LE COMTE, appuyant. - Couchera.
BARTHOLO. - "Pour une nuit seulement, le nommé Lindor dit l'Ecolier, cavalier du régiment..."
ROSINE. - C'est lui, c'est lui-même[2].
BARTHOLO, vivement, à Rosine. - Qu'est-ce qu'il y a ?
LE COMTE. - Eh bien, ai-je tort à présent, docteur Barbaro ?
BARTHOLO. - On dirait que cet homme se fait un malin plaisir de m'estropier[3] de toutes les manières possibles. Allez au diable, Barbaro, Barbe à l'eau ! Et dites à votre impertinent maréchal des logis que, depuis mon voyage à Madrid, je suis exempt de loger des gens de guerre.
LE COMTE, à part. - ô Ciel ! Fâcheux contretemps !
BARTHOLO. - Ah, ah, notre ami, cela vous contrarie et vous dégrise[4] un peu ! Mais n'en décampez pas moins à l'instant.
LE COMTE – […] Décamper! Si vous êtes exempt de gens de guerre, vous n'êtes pas exempt de politesse, peut-être ? Décamper!
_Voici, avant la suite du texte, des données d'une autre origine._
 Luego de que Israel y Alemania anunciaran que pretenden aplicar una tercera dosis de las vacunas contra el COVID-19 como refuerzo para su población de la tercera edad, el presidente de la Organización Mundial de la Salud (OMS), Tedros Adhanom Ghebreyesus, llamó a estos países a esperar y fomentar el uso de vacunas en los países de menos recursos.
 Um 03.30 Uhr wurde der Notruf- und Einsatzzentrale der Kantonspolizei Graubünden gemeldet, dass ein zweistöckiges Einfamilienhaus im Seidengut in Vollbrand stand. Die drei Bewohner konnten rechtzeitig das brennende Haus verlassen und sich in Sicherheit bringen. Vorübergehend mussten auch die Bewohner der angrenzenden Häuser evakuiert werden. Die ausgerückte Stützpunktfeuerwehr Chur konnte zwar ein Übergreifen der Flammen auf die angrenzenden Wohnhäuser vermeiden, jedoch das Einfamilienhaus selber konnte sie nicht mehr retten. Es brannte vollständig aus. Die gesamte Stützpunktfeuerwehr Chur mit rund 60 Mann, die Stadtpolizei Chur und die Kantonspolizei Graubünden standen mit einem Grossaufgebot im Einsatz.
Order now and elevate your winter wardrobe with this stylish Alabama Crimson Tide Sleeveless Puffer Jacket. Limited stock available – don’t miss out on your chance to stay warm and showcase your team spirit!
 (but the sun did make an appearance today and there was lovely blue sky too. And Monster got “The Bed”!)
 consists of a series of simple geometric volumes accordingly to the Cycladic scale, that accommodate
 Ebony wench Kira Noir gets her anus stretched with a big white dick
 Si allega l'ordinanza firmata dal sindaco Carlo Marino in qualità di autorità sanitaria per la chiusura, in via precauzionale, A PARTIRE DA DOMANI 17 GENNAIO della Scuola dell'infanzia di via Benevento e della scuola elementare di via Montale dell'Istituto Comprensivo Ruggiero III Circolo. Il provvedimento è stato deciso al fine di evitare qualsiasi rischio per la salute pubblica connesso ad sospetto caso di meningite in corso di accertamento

Montrez-moi votre brevet d'exemption[5] ; quoique je ne sache pas lire, je verrai bientôt...
BARTHOLO. - Qu'à cela ne tienne. Il est dans ce bureau.
LE COMTE, pendant qu'il y va, dit, sans quitter sa place.  - Ah ! Ma belle Rosine !
ROSINE. - Quoi ! Lindor, c'est vous ?
LE COMTE. - Recevez au moins cette lettre.
ROSINE. - Prenez garde, il a les yeux sur nous.
LE COMTE. - Tirez votre mouchoir, je la laisserai tomber. (Il s'approche.)
BARTHOLO. - Doucement, doucement, seigneur soldat; je n'aime point qu'on regarde ma femme de si près.
[…][ Il s’ensuit une altercation ; le Comte fait mine de provoquer Bartholo à se battre]
LE COMTE. […] Figurez-vous (poussant le docteur) d'abord que l'ennemi est d'un côté du ravin, et les amis de l'autre. (A Rosine, en lui montrant la lettre.) Sortez le mouchoir. (Il crache à terre.) Voilà le ravin, cela s'entend. (Rosine tire son mouchoir, le comte laisse tomber sa lettre entre elle et lui.)
BARTHOLO, se baissant. - Ah, ah !
LE COMTE la reprend et dit. - Tenez... moi qui allais vous apprendre ici les secrets de mon métier... Une femme bien discrète, en vérité! Ne voilà-t-il pas un billet doux qu'elle laisse tomber de sa poche ?
BARTHOLO. - Donnez, donnez.
LE COMTE. - Dulciter[6], papa ! Chacun son affaire. […]
ROSINE avance la main. - Ah ! Je sais ce que c'est, monsieur le soldat.
Elle prend la lettre, qu'elle cache dans la petite poche de son tablier.
BARTHOLO. - Sortez-vous enfin ?
LE COMTE. -  Eh bien, je sors. Adieu, docteur ; sans rancune. […] Il sort.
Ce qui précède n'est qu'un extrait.